=== Section Start ===

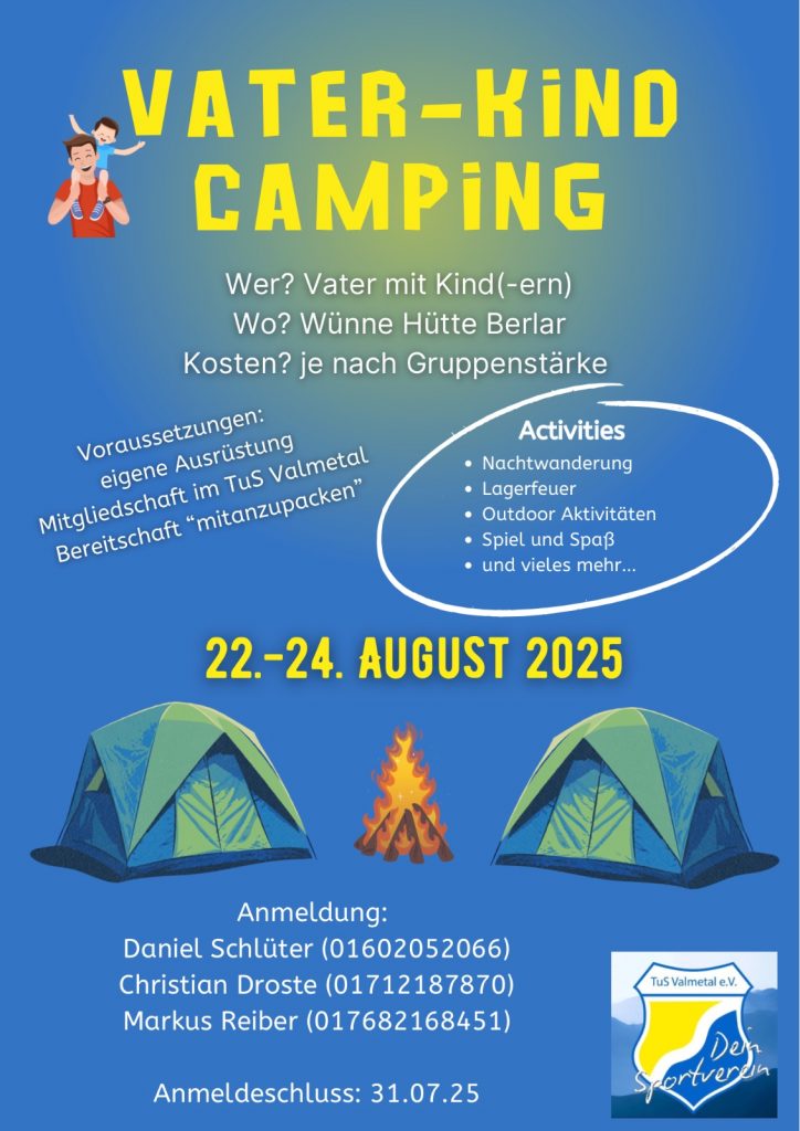 Vater – Kind Camping von stran | Aug. 8, 2025 | Aktuelles Ein tolles neues Event wirft seine Schatten vorraus!
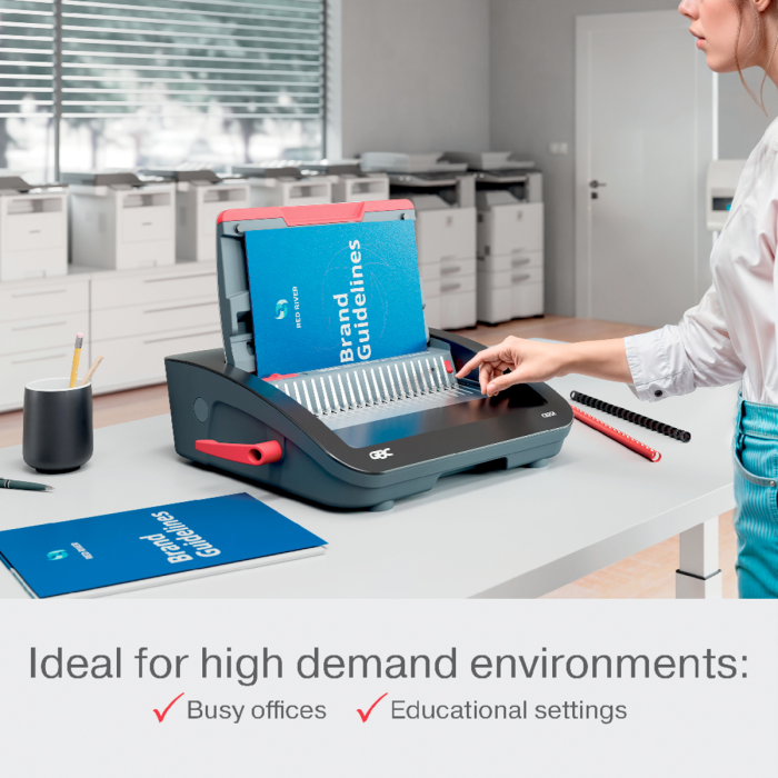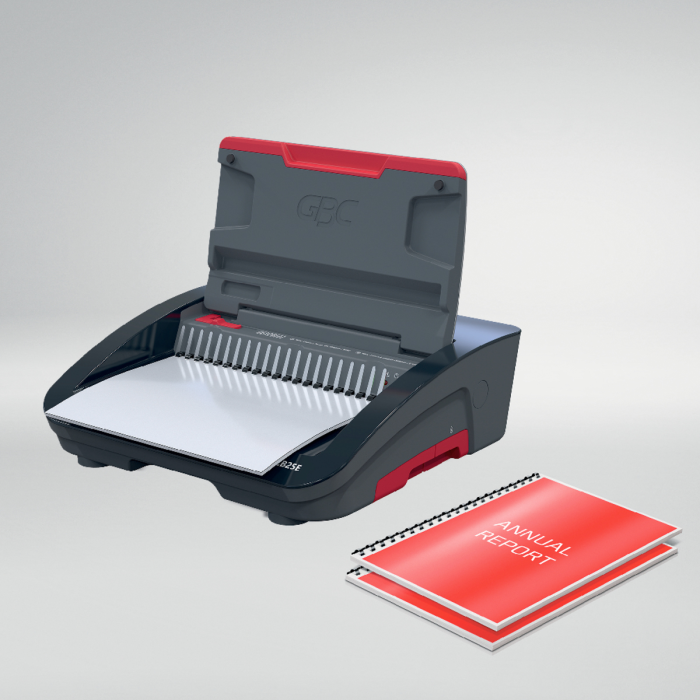 • špičkový elektrický viazač s plastovými chrbtami, navrhnutý pre náročné prostredia ako sú rušné kancelárie a vzdelávacie inštitúcie
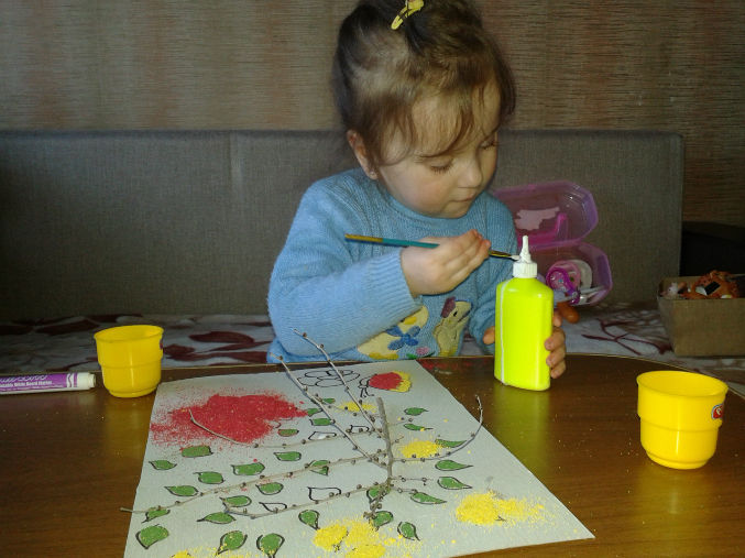 я нарисовала листочки,бабочек и цветочек,а ребенок их мазал клеем и посыпал крашенной манкой
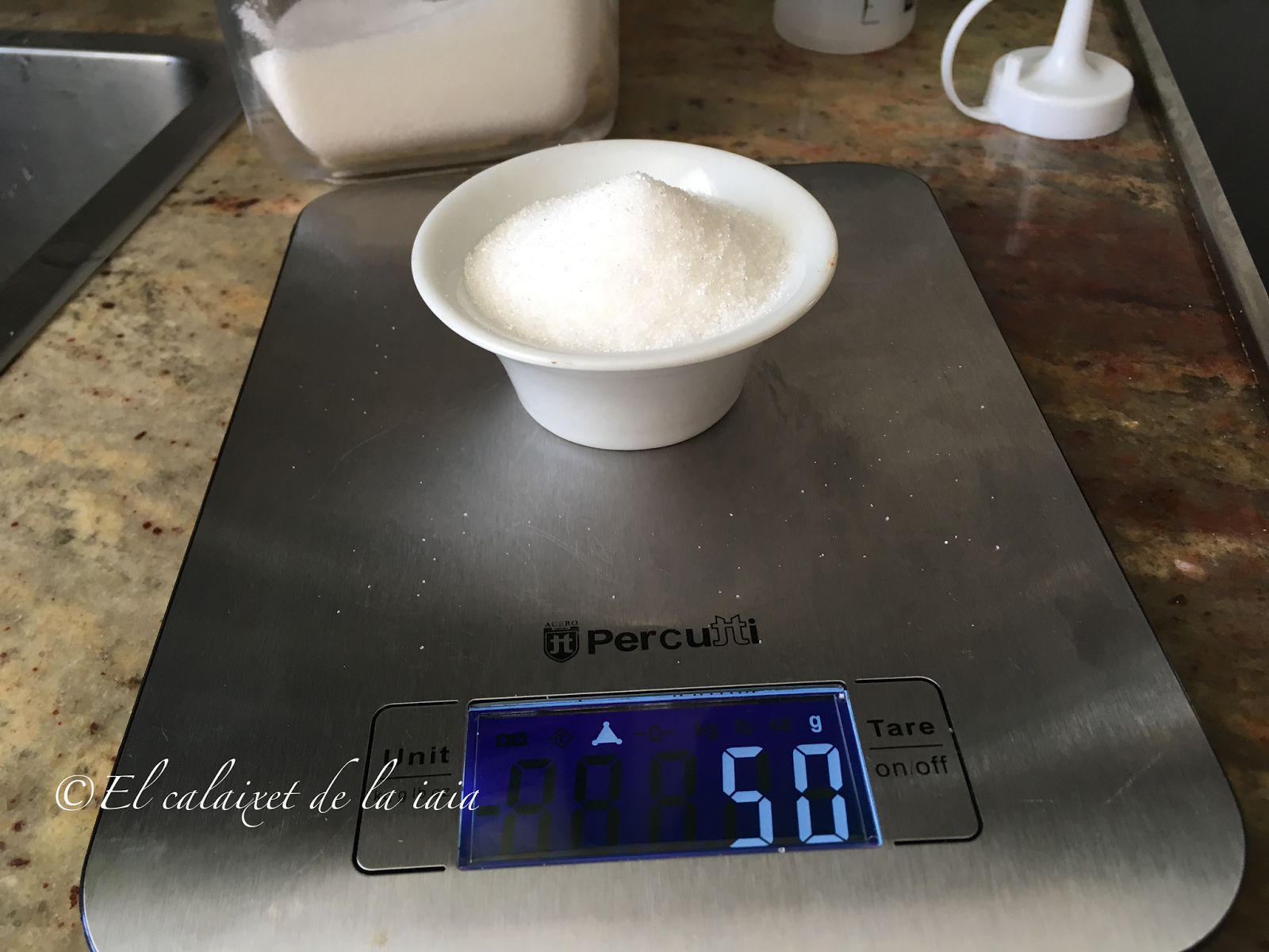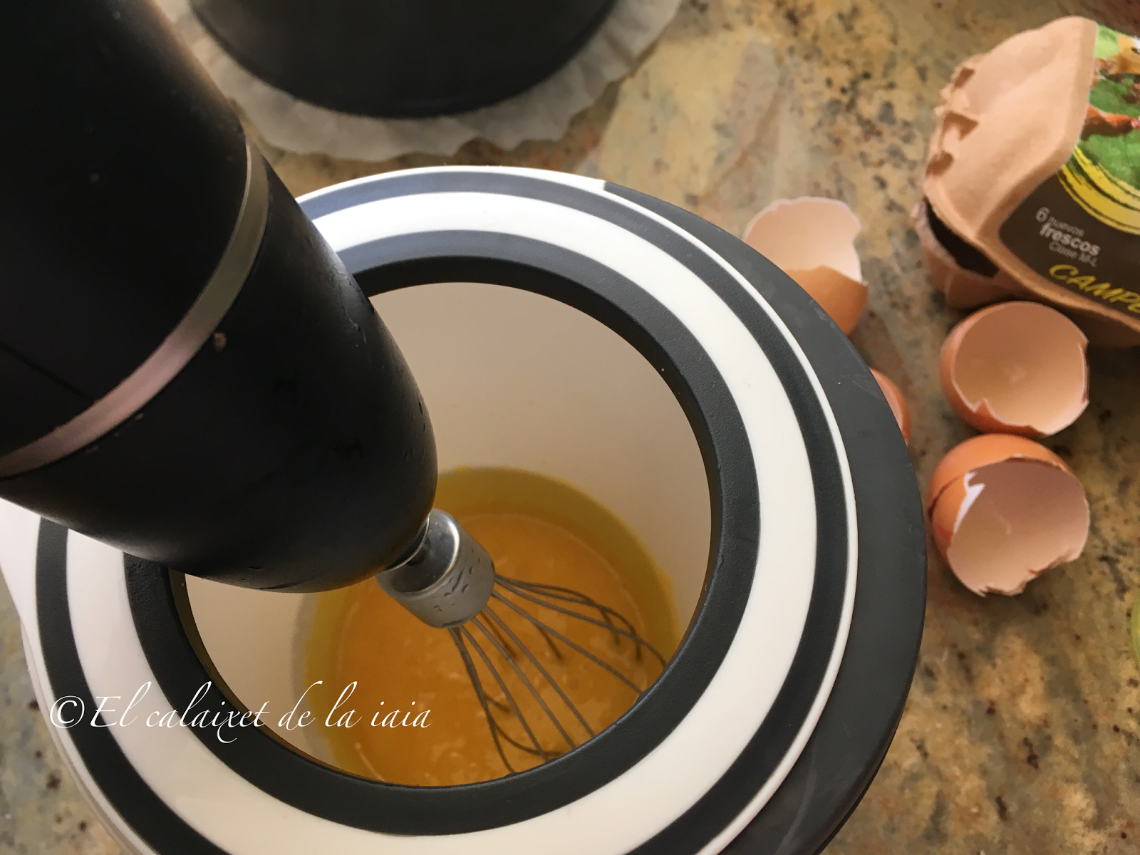 y añadimos a las yemas 50g de azúcar blanquilla con varillas eléctricas o a mano
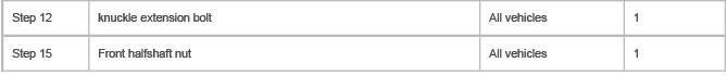 Renew Part: Front halfshaft nut Quantity: 1.
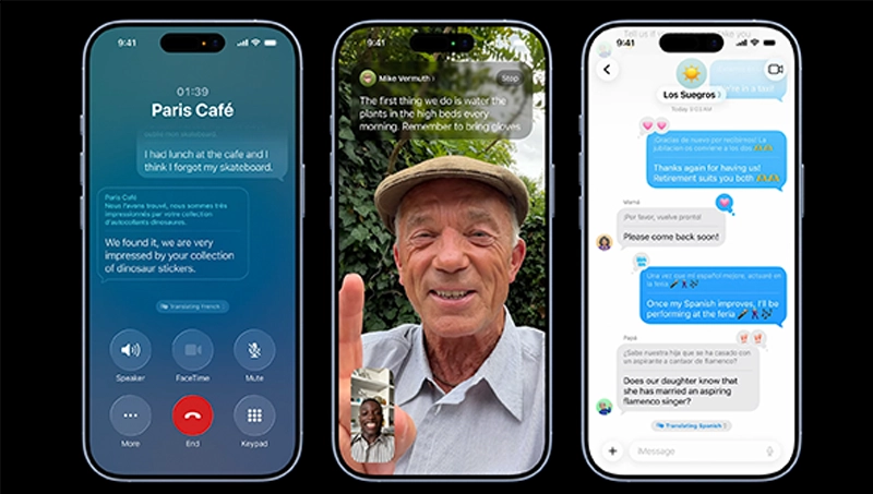 ตอนนี้ Apple Intelligence สามารถแปลข้อความและเสียงให้ผู้ใช้ได้ในทุกที่ด้วยคุณสมบัติการแปลภาษาสด ซึ่งจะช่วยให้ผู้ใช้สื่อสารระหว่างภาษาต่างๆ ในแอปข้อความ, FaceTime และแอปโทรศัพท์ ส่วนการอัปเดตระบบอัจฉริยะด้านภาพทำให้ผู้ใช้สามารถถ่ายภาพหน้าจอ รวมถึงค้นหาหรือทำสิ่งต่างๆ กับสิ่งที่ดูบนหน้าจอ iPhone อยู่ได้อย่างง่ายดาย
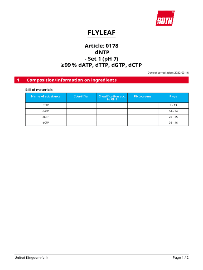 FLYLEAF Article: 0178 dNTP Set 1 (pH 7) 99 % dATP, dTTP, dGTP, dCTP Date of compilation: 202203161Composition/information on ingredients Bill of materials Name of substanceIdentifierClassification
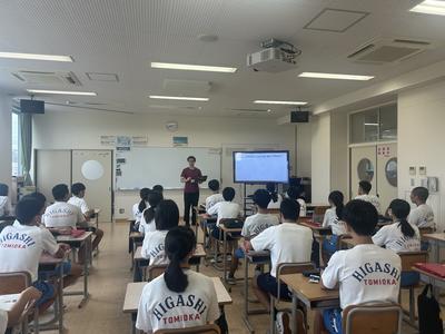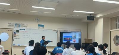 シド先生からは、夏休み中の楽しかった思い出について、たくさんの話をしていただき、生徒たちは、給食を食べながら、シド先生の話に聴き入っていました。
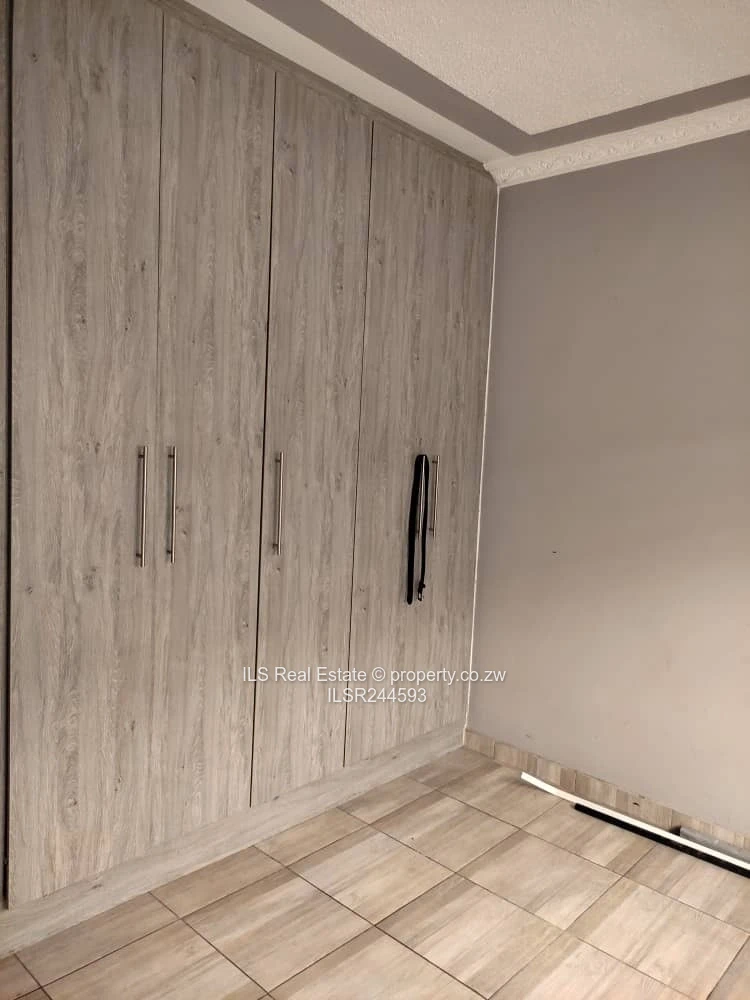 Well-presented 3-bedroom house for rent in Fidelity, Harare South — ideal for professionals or a small family. Set on a 240 m² stand with 180 m² of living space, this home is secure, low-maintenance and move-in ready. As pictured, the master and bedrooms feature tiled floors and neutral, fresh paint that maximises natural light; built-in wardrobes with a contemporary wood-grain finish provide generous storage (see wardrobe photo). The generous main en-suite is fully tiled with a practical shower area and basin, offering easy upkeep (see bathroom photo). Windows have security bars for peace of mind and the property is fully walled and gated; additional comforts include a large water tank, paved outdoor areas, an electric gate and reliable ZESA supply.
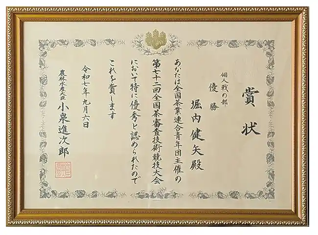 東京都江東区で開催された「第72回全国茶審査技術競技大会」において、製茶問屋・丸堀製茶株式会社(本社:静岡県掛川市、代表:堀内尚)の堀内健矢が個人戦で優勝し、日本一の栄誉である農林水産大臣賞を受賞しました。 |

=== Section End ===

Begin the copy at the line containing "シド先生からは、夏休み中の楽" and end it at the last line of the records; transcribe exactly and exclude pictures.

 シド先生からは、夏休み中の楽しかった思い出について、たくさんの話をしていただき、生徒たちは、給食を食べながら、シド先生の話に聴き入っていました。
 Well-presented 3-bedroom house for rent in Fidelity, Harare South — ideal for professionals or a small family. Set on a 240 m² stand with 180 m² of living space, this home is secure, low-maintenance and move-in ready. As pictured, the master and bedrooms feature tiled floors and neutral, fresh paint that maximises natural light; built-in wardrobes with a contemporary wood-grain finish provide generous storage (see wardrobe photo). The generous main en-suite is fully tiled with a practical shower area and basin, offering easy upkeep (see bathroom photo). Windows have security bars for peace of mind and the property is fully walled and gated; additional comforts include a large water tank, paved outdoor areas, an electric gate and reliable ZESA supply.
 東京都江東区で開催された「第72回全国茶審査技術競技大会」において、製茶問屋・丸堀製茶株式会社(本社:静岡県掛川市、代表:堀内尚)の堀内健矢が個人戦で優勝し、日本一の栄誉である農林水産大臣賞を受賞しました。 |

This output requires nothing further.